= PROVIDED MATERIAL =
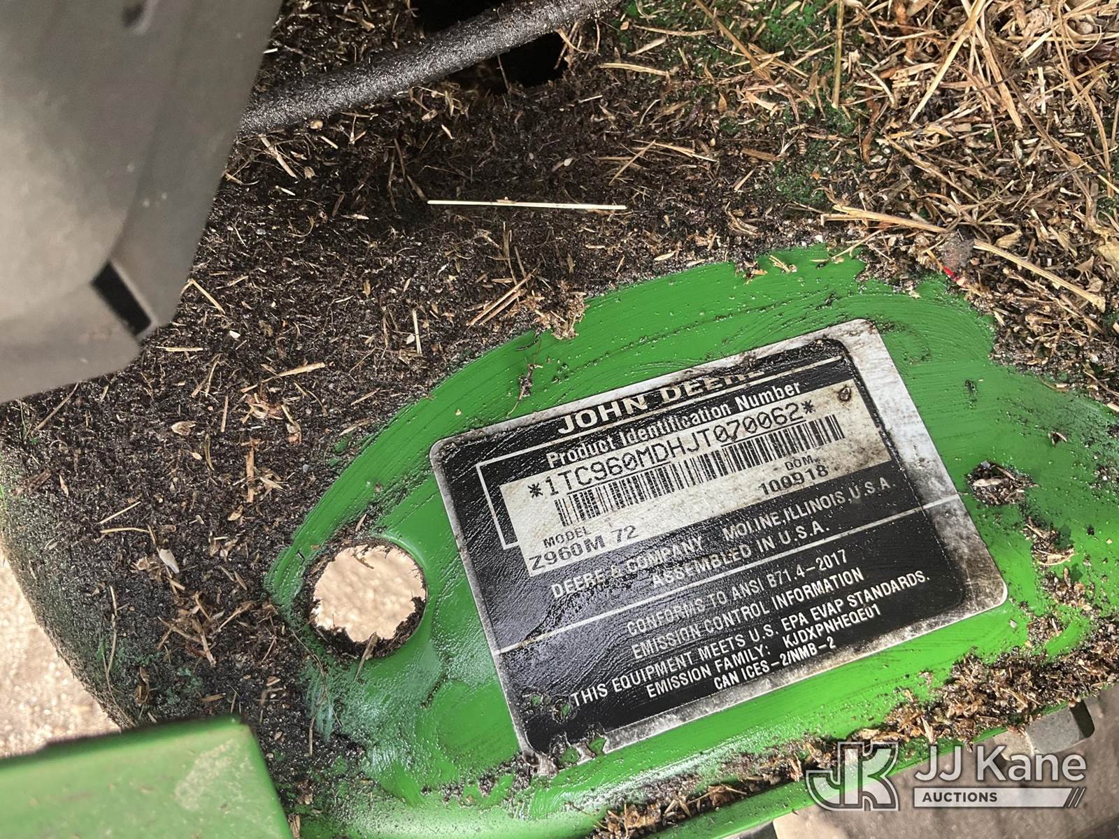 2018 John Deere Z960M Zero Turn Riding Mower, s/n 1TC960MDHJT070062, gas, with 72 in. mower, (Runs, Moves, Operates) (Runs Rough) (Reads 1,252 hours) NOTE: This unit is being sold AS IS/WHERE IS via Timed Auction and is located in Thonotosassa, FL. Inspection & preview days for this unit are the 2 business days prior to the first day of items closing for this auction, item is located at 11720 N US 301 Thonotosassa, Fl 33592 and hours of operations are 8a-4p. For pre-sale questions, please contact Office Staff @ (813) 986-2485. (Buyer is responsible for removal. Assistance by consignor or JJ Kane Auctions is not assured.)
--
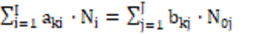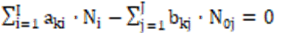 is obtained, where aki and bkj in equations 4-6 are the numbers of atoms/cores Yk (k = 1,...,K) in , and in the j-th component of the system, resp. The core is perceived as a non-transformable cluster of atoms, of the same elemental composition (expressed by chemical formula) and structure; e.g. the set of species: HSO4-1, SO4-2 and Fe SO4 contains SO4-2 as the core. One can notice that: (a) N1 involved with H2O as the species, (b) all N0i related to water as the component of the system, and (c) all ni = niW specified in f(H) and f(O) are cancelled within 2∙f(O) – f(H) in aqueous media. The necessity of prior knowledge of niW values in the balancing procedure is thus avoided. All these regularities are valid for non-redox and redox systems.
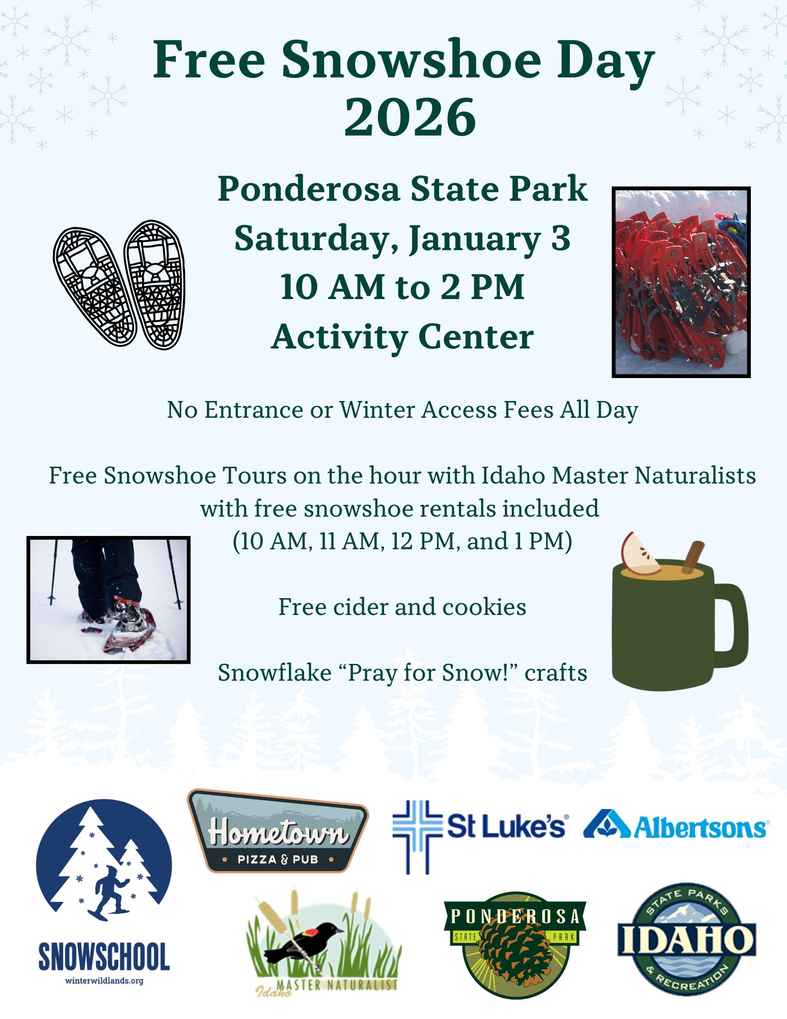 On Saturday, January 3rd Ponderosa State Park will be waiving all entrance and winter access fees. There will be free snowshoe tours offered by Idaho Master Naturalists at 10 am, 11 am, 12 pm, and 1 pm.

= WHAT IS NEEDED =
Only one stretch of the material above is wanted: the line containing "is obtained, where" through the line containing "On Saturday, January". Restate it word for word, minus the pictures.

= YOUR RESPONSE =
 is obtained, where aki and bkj in equations 4-6 are the numbers of atoms/cores Yk (k = 1,...,K) in , and in the j-th component of the system, resp. The core is perceived as a non-transformable cluster of atoms, of the same elemental composition (expressed by chemical formula) and structure; e.g. the set of species: HSO4-1, SO4-2 and Fe SO4 contains SO4-2 as the core. One can notice that: (a) N1 involved with H2O as the species, (b) all N0i related to water as the component of the system, and (c) all ni = niW specified in f(H) and f(O) are cancelled within 2∙f(O) – f(H) in aqueous media. The necessity of prior knowledge of niW values in the balancing procedure is thus avoided. All these regularities are valid for non-redox and redox systems.
 On Saturday, January 3rd Ponderosa State Park will be waiving all entrance and winter access fees. There will be free snowshoe tours offered by Idaho Master Naturalists at 10 am, 11 am, 12 pm, and 1 pm.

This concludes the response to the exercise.